在mapassign函数中可以看到，扩容发生的情况有两种

overLoadFactor(h.count+1, h.B) || tooManyOverflowBuckets(h.noverflow, h.B)

1. 超过设定的负载值
2. 有太多的overflow

先来看一下这两个函数

overLoadFactor

func overLoadFactor(count int, B uint8) bool {
  // loadFactorNum = 13; loadFactorDen = 2
	return count > bucketCnt && uintptr(count) > loadFactorNum*(bucketShift(B)/loadFactorDen)
}

uintptr(count) > loadFactorNum*(bucketShift(B)/loadFactorDen) 可以简化为 count / (2^B) > 6.5， 这个6.5便是代表loadFactor的负载系数

##tooManyOverflowBuckets

func tooManyOverflowBuckets(noverflow uint16, B uint8) bool {
	// If the threshold is too low, we do extraneous work.
	// If the threshold is too high, maps that grow and shrink can hold on to lots of unused memory.
	// "too many" means (approximately) as many overflow buckets as regular buckets.
	// See incrnoverflow for more details.
	if B > 15 {
		B = 15
	}
	// The compiler doesn't see here that B < 16; mask B to generate shorter shift code.
	return noverflow >= uint16(1)<<(B&15)
}

通过判断noverflow的数量来判断overflow是否太多

我们理解一下这两种情况扩容的原因

1. 超过设定的负载值

   根据key查找的过程中，根据末B位确定bucket，高8位确定tophash，但是查找tophash的过程中，是需要遍历整个bucket的，所以，最优的情况是每个bucket只存储一个key，这样就达到了hash的O(1)的查找效率，但是空间却大大的浪费了；如果所有的key都存储到了一个bucket里面面，就退变成了链表，查找效率就变成了O(n)，所以装载系数就是为了平衡查找效率和存储空间的，当装载系数过大，就需要增加bucket了，来提高查找效率，即增量扩容

2. 有太多的overflow

   当bucket的空位全部填满的时候，装载系数就达到了8，为什么还会有tooManyOverflowBuckets的判断呢，map不仅有增加还有删除的操作，当某一个bucket的空位填满后，开始填充到overflow里面，这时候再删除bucket里面的数据，其实整个过程很有可能并没有触发 超过负载扩容机制的，（因为有较多的buckets），但是查找overflow的数据，就首先要遍历bucket的数据，这个就是无用功了，查找效率就低了，这时候需要不增加bucket数量的扩容，也就是等量扩容

扩容的工作是由hashGrow开始的，但是真正进行迁移工作的是evacuate， 由growWork进行d调用；在每一次的maassign和mapdelete的时候，会判断这个map是否正在进行扩容操作，如果是的，就迁移当前的bucket；所以，map的扩容并不是一蹴而就的，而是一个循序渐进的过程

hashGrow

func hashGrow(t *maptype, h *hmap) {
	// If we've hit the load factor, get bigger.
	// Otherwise, there are too many overflow buckets,
	// so keep the same number of buckets and "grow" laterally.
  // 判断是等量扩容还是增量扩容
	bigger := uint8(1)
	if !overLoadFactor(h.count+1, h.B) {
		bigger = 0
		h.flags |= sameSizeGrow
	}
  // 为map根据新的B（h.B+bigger为新的h.B）重新分配新的buckets和overflow
	oldbuckets := h.buckets
	newbuckets, nextOverflow := makeBucketArray(t, h.B+bigger, nil)

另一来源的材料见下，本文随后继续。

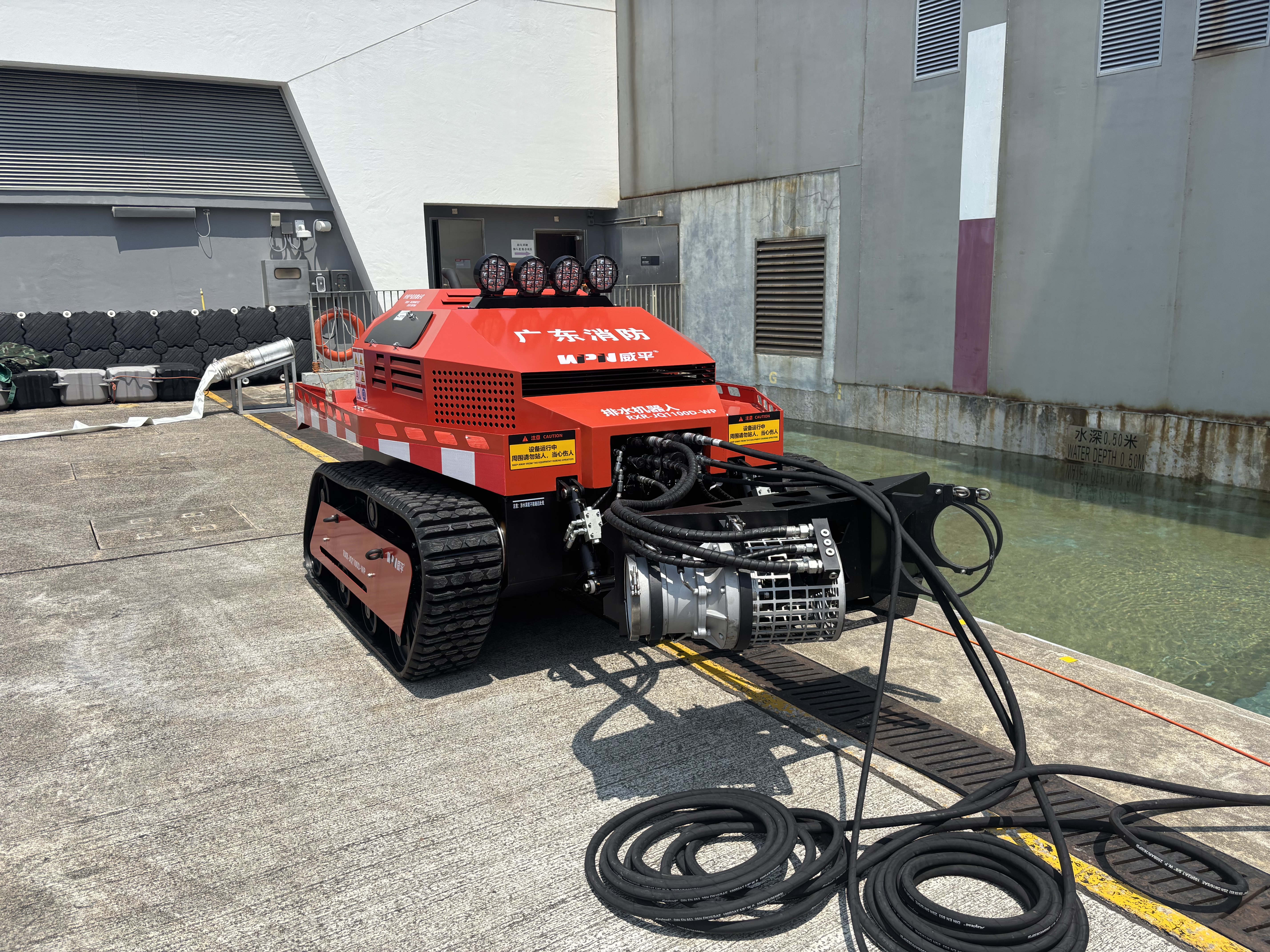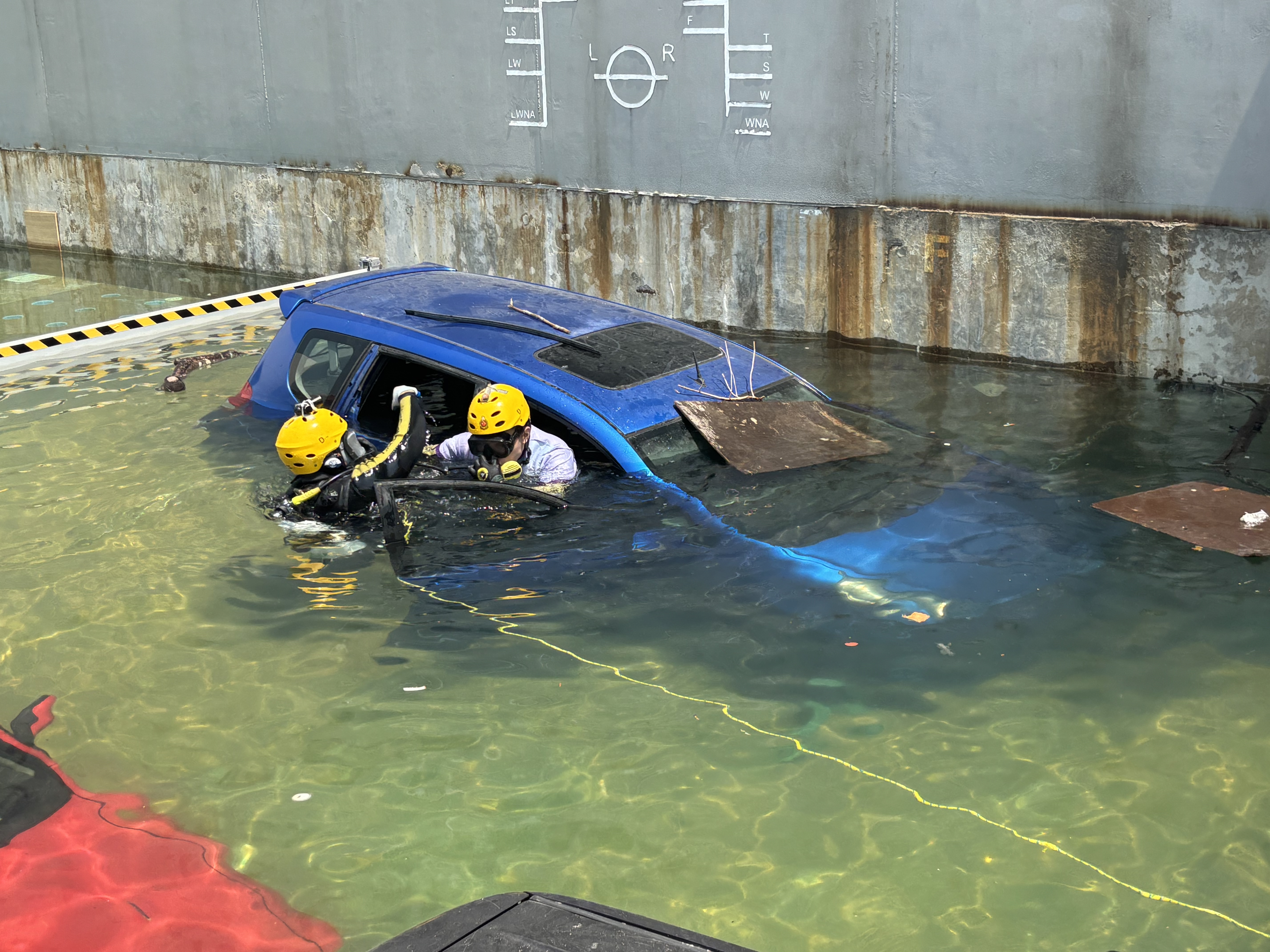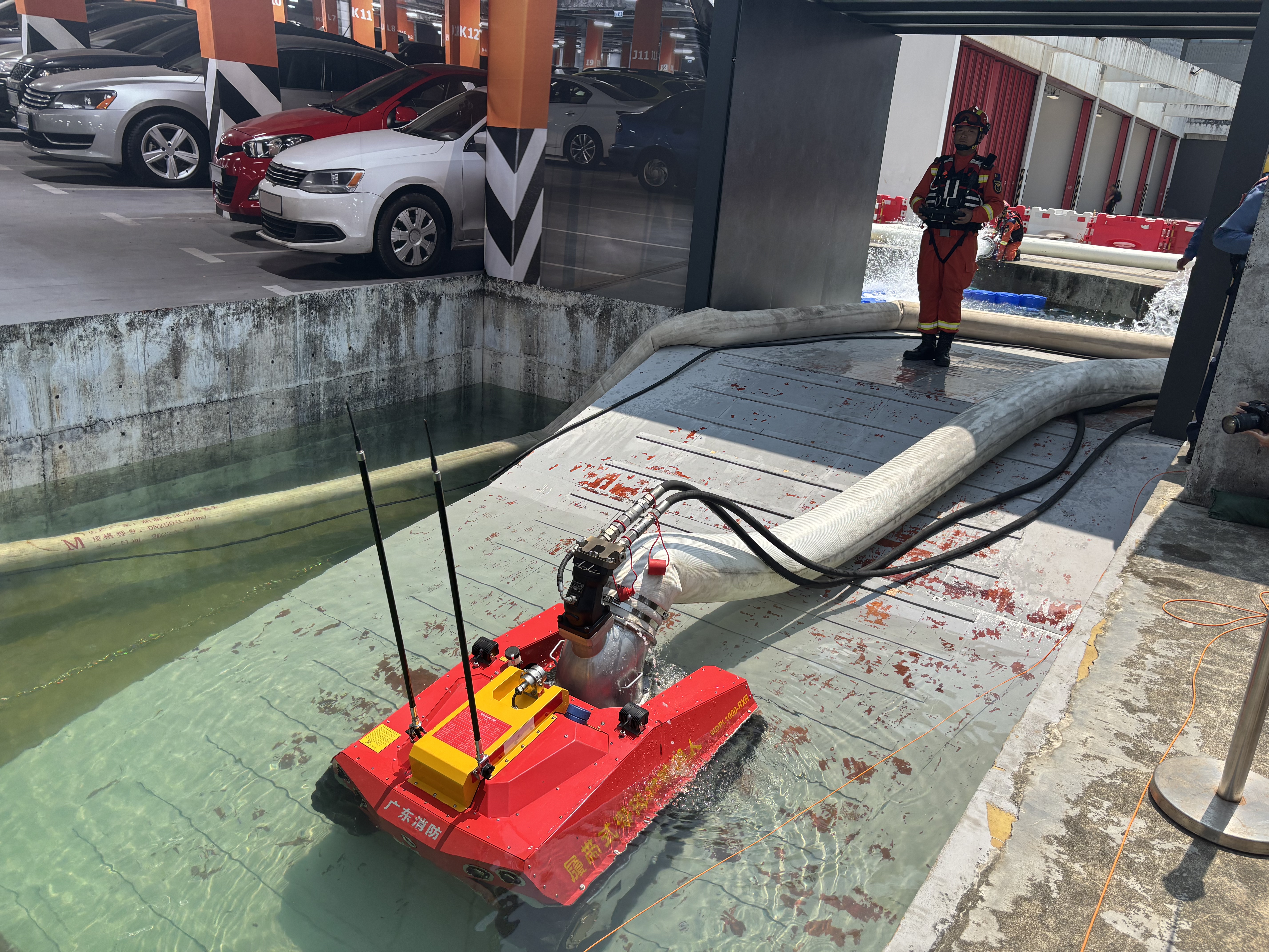本次演練的重點之一是模擬地下停車場水浸救援,由香港消防人員擔任總指揮及搜救人員,並安排潛水員進行水面及水下搜救,廣東省消防救援總隊首次在港運用排澇機械人抽走水浸的積水,功率達每小時1100立方米。

	flags := h.flags &^ (iterator | oldIterator)
	if h.flags&iterator != 0 {
		flags |= oldIterator
	}
	// commit the grow (atomic wrt gc)
  // 更新hmap相关的属性
	h.B += bigger
	h.flags = flags
	h.oldbuckets = oldbuckets
	h.buckets = newbuckets
	h.nevacuate = 0
	h.noverflow = 0
	// 将老的map的extra和nextOverflow更新到新的map结构下面
	if h.extra != nil && h.extra.overflow != nil {
		// Promote current overflow buckets to the old generation.
		if h.extra.oldoverflow != nil {
			throw("oldoverflow is not nil")
		}
		h.extra.oldoverflow = h.extra.overflow
		h.extra.overflow = nil
	}
	if nextOverflow != nil {
		if h.extra == nil {
			h.extra = new(mapextra)
		}
		h.extra.nextOverflow = nextOverflow
	}

	// the actual copying of the hash table data is done incrementally
	// by growWork() and evacuate().
}

hashGrow 这个前菜已经准备完成了，接下来就交给growWork和 evacuate两个函数来完成的

growWork

func growWork(t *maptype, h *hmap, bucket uintptr) {
	// make sure we evacuate the oldbucket corresponding
	// to the bucket we're about to use
	evacuate(t, h, bucket&h.oldbucketmask())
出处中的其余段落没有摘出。